START Data provided
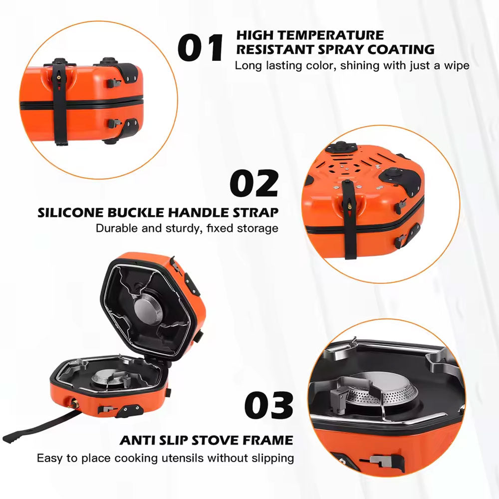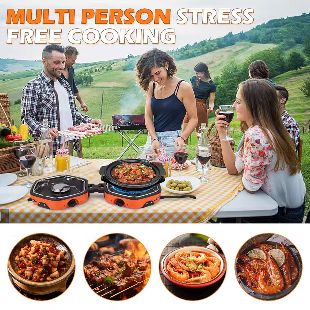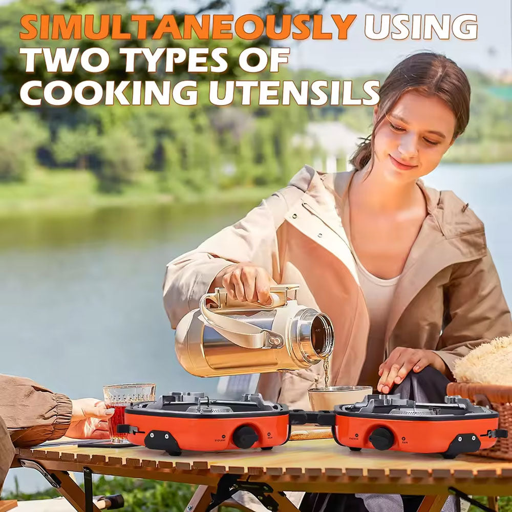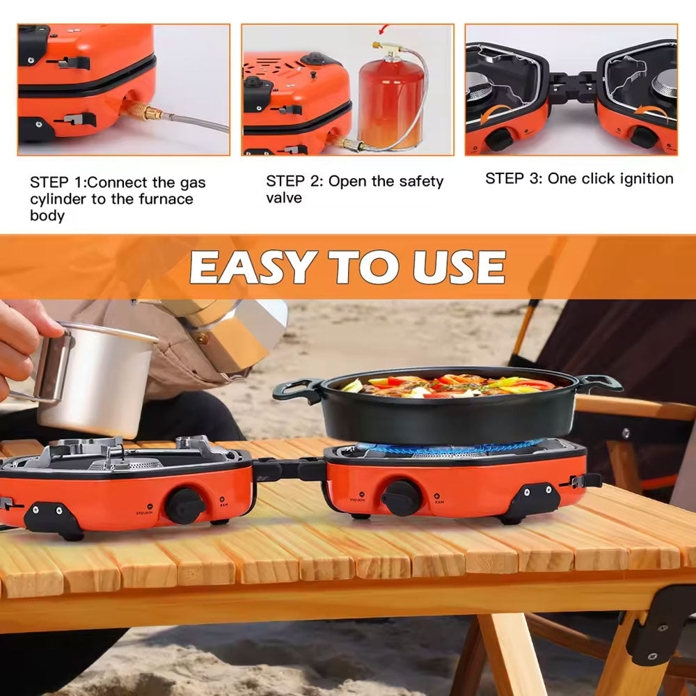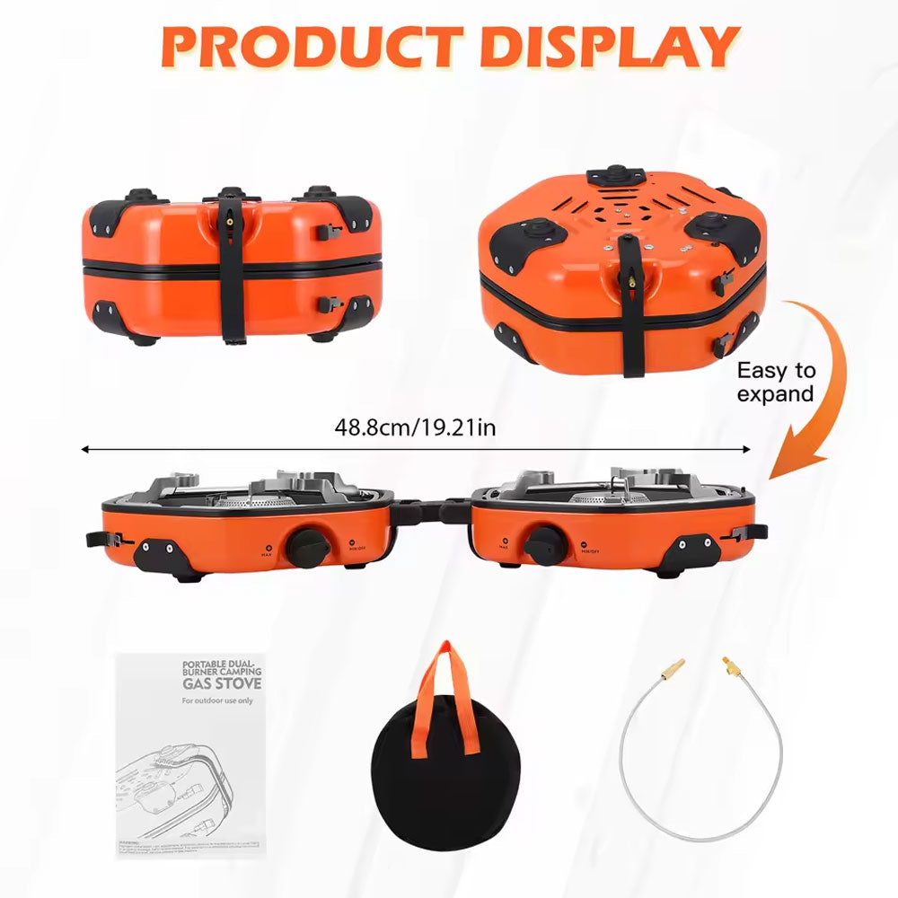 موقد غاز تخييم مزود بشعلتين مع حقيبة حمل
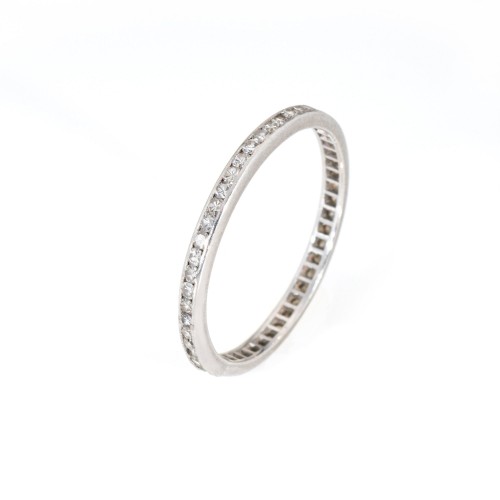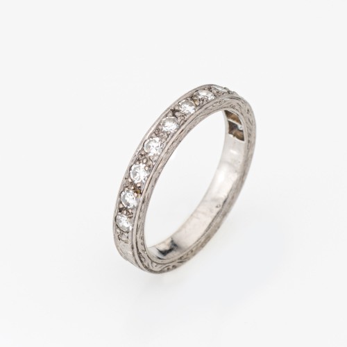 Vintage Art Deco Diamond Eternity Ring Sz 5.75 Platinum Band Wedding Jewelry
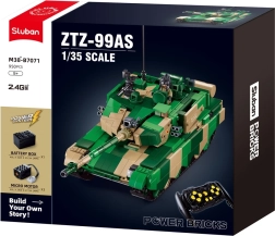 Se stavebnicí Sluban Power Bricks si děti mohou postavit vlastní tank ZTZ-99AS, který je ovládán na dálku. Tato inovativní stavebnice obsahuje 950 dílků, 1 figurku a je vyrobena z kvalitního, nezávadného ABS plastu. Model v měřítku 1:35 nabízí otáčení věže o 360° a možnost pohybu vpřed, vzad a zatáčení doprava i doleva.
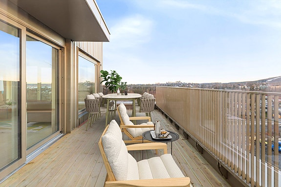 Privat takterrasse på ca. 22 kvm. Utsikt fra på toppen av bygget i 5. etasje. Foto: Walso Work. Bilder i annonsen er digitalt stylet.
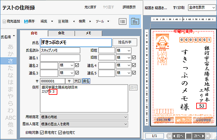 宛名印刷のレイアウトについて挨拶状.comマイページ。
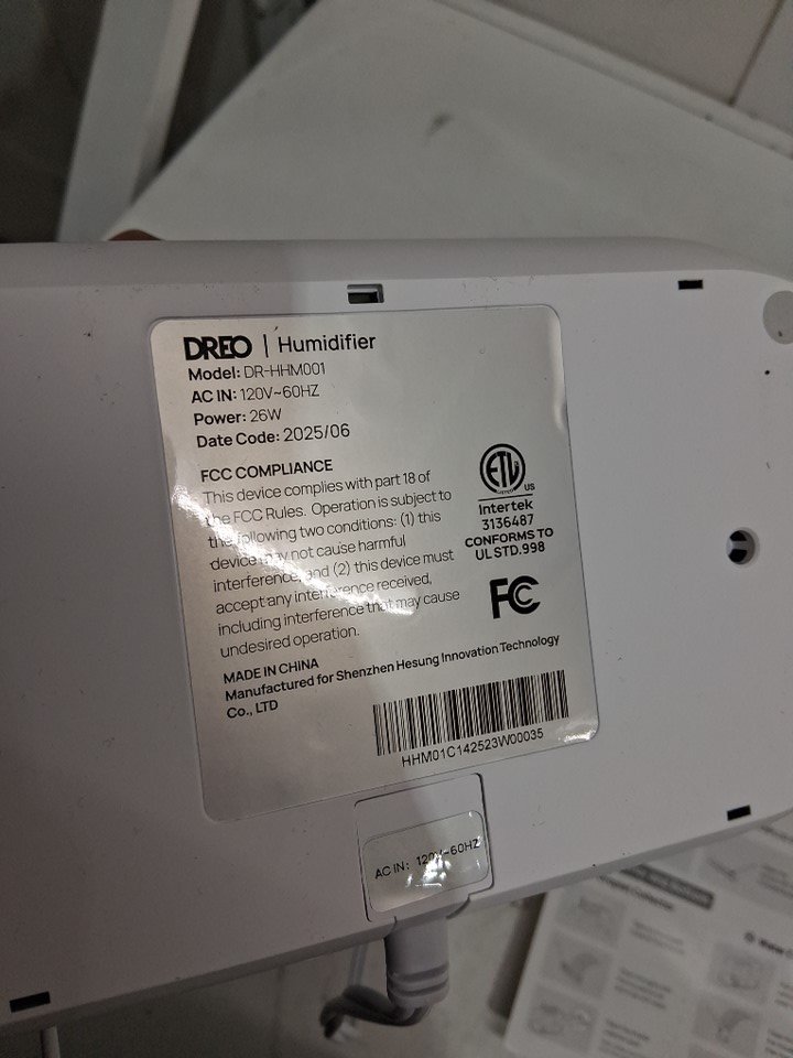 Dreo top fill supersized cool mist humidifier oil diffuser and night light - 4L - White (Model: DR-HHM001)
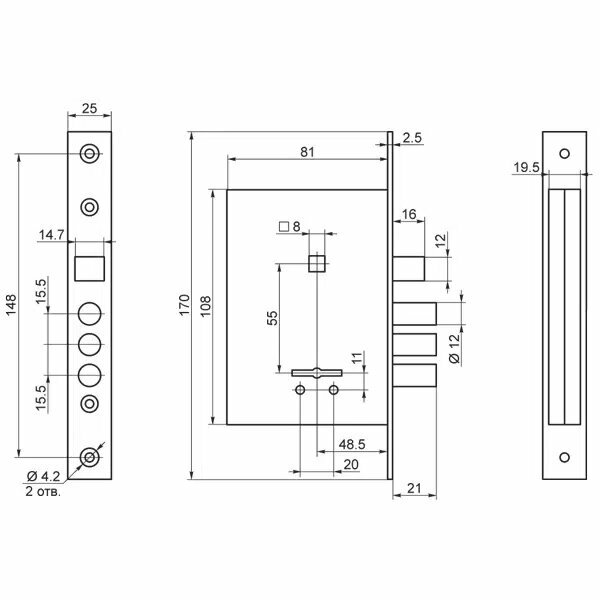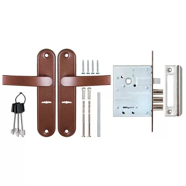 Замок врезной сувальдный с защёлкой в комплекте с ручкой Сам ЗВ9-8/13 (медный антик), 3 кл. /84301/ интересное:
END Data provided
> [Task goal] Please copy only the lines from the one that contains "Dreo top fill" through the last line of the records, exactly, and keep every picture out of the copy.

> [Solution to this problem]
 Dreo top fill supersized cool mist humidifier oil diffuser and night light - 4L - White (Model: DR-HHM001)
 Замок врезной сувальдный с защёлкой в комплекте с ручкой Сам ЗВ9-8/13 (медный антик), 3 кл. /84301/ интересное:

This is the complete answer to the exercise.